E Cipro, e Creta, e Rodi, e Negroponte,
     E ogni altro regno, che dal mare è cinto,
     E tutto quel, ch’è dentro, e fuor del ponte,
     Che fra due mar fa l’Istmo di Corinto,
     Mandar de l’eloquentia il miglior fonte
     À consolare il Re del germe estinto,
     E mancò sol di quel, che si conviene
     (Chi ’l crederia?) la più prudente Athene.

Ma scusa merta la Palladia corte,
     Se poca à tanto officio intese cura,
     Però, ch’allhor la Barbara cohorte
     Facea terrore à le Cecropie mura.
     Benche dapoi da un Barbaro più forte
     Fù l’Attica città fatta sicura,
     Tereo gli empi scacciò Barbari audaci,
     Figliuol di Marte, Imperador de Traci.

Fiaccato che ’l soccorso have le corna
     À la nemica, e Barbara insolenza,
     E salvato quel sen, che ’l mondo adorna
     D’ogni arte liberal, d’ogni scienza;
     Tereo non prima al suo regno ritorna,
     Che ’l grato Re de l’Attica potenza
     Per colligar più forte il Trace seco,
     L’avinse sposo al sangue Regio Greco.

D’Athene il Re, che Pandion fu detto,
     Hebbe due figli, Progne, e Filomena,
     Di si leggiadro, e si divino aspetto,
     Che non cedeano à la famosa Helena.
     Tereo con Progne fè comune il letto,
     E confermò la coniugal catena.
     Pronuba lor Giunone esser non volse,
     Ma ben con Himeneo lontan se ’n dolse,

Non vi comparse l’un, ne l’altro Nume,
     Ma fra lor se ne dolsero in disparte.
     L’alme tre gratie à l’infelici piume
     De i don, che soglion dar, non fecer parte.
     L’Erinni havendo in man l’ infernal lume,
     Poser nel letto il successor di Marte
     Con la donzella; e lasciò il gufo il nido,
     E fe sentire il suo noioso strido.

Ma come quei, che non sapeano i pianti,
     Ch’uscir dovean del coniugato amore,
     Con giostre, e con tornei, con suoni, e canti
     Si fè in Athene à le lor nozze honore.
     Tutti novi splendeano i varij manti
     Di valor, d’artificio, e di colore.
     Scoprì ogni donna allhora il suo thesoro,
     La perla oriental, la gemma, e l’oro.
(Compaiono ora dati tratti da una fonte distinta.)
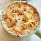 Pour the mixture into a baking dish or a gratin dish. Sprinkle evenly with the cheese and bread crumbs, then dot with the remaining 1 Tbs. butter. Bake until the cheese and bread crumbs are golden and the gratin is bubbly, 20 to 30 minutes. Remove from the oven and serve. Serves 6.
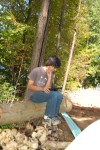 We had met Kris, what seems like forever ago, when we first met with George Lewis and Eric Riley, and walked the property with the three of them, discussing our proposed homesite, well and septic field, and getting their ideas for the driveway and what would be involved in clearing the land and laying the foundation.  Eric was already on site when we pulled up that morning, his pick up truck parked near the shed.  We introduced ourselves to him and were making small talk when we heard the distinct sound of a motorcycle approaching. We were all three somewhat surprised when a Harley Davidson pulled into the parking area and off jumped Kris Cutler.  Not the usual means of transport for a contractor!

Tereo fatte le nozze non s’arresta,
     Ma torna con la sposa al patrio lito,
     Dove la Tracia rinovò la festa,
     E salutò il suo Re fatto marito.
     Con pompa coronò la Greca testa,
     E nove giostre fè, novo convito.
     Ah quanto intorno al bene è ’l nostro inganno,
     Come spesso n’allegra il proprio danno.

Non prevedendo i minacciati scempi
     De lumi, ch’à mortai volgonsi intorno,
     Tereo ordinò, che ne’ futuri tempi
     Fosse honorato il mal’ inteso giorno,
     Per tutte le città, per tutti i Tempi,
     Che diè principio al nuttial soggiorno.
     Iti un suo figlio dopo al lume venne,
     E ’l dì del suo natal fe anchor solenne.